# Looking for a cheap Car Stereo



## TBemba (Jan 11, 2010)

Hey all,

Anyone have a good cheap car stereo?

Or know where I can find one in the Toronto/Mississauga area?

Don't need anything special just CD and AM/FM. I had to buy a beater and the current Stereo is junk. Not looking to spend $$

Thanks


----------



## AquaNeko (Jul 26, 2009)

Let me see. I might have a CD player here as parts. Like a in car square one. I can't remember as I got a bag of parts before.

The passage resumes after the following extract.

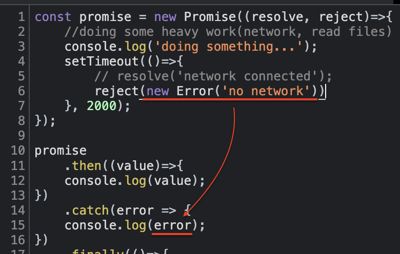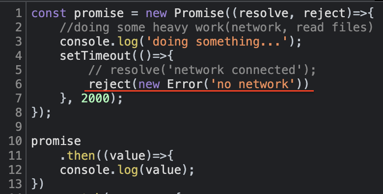 reject는 Error라는 오브젝트를 통해 값을 전달

Where are you located? Auto scrape yards would also be a good place to find stuff. I've been to one east of Markham Rd & Steeles Ave by about 2-4 streets AFTER you see the golf course on your left hand side (if coming east bound). They have a sign showing where they are as you get closer onto a private road. It is in a rural area and I remember on the left hand side across the auto scrap yard there were horses there. My dad has purchased from there twice before on two seperate occasions. It is a sizeable lot. YOu can find anything from batteries to rims to electronics there. Don't quote me on this part but IIRC therei s a return policy of 14 days or 7 days as my dad got some parts there before.


BTW if you have a tape cassette deck in the car already you can get a tape cassette adaptor to play any audio device with an audio out jack ie. mp3/cd player. YOu should be able to find those at liquidation places or ebay for cheap.


----------



## TBemba (Jan 11, 2010)

Hey thanks,

I will check that place out.


----------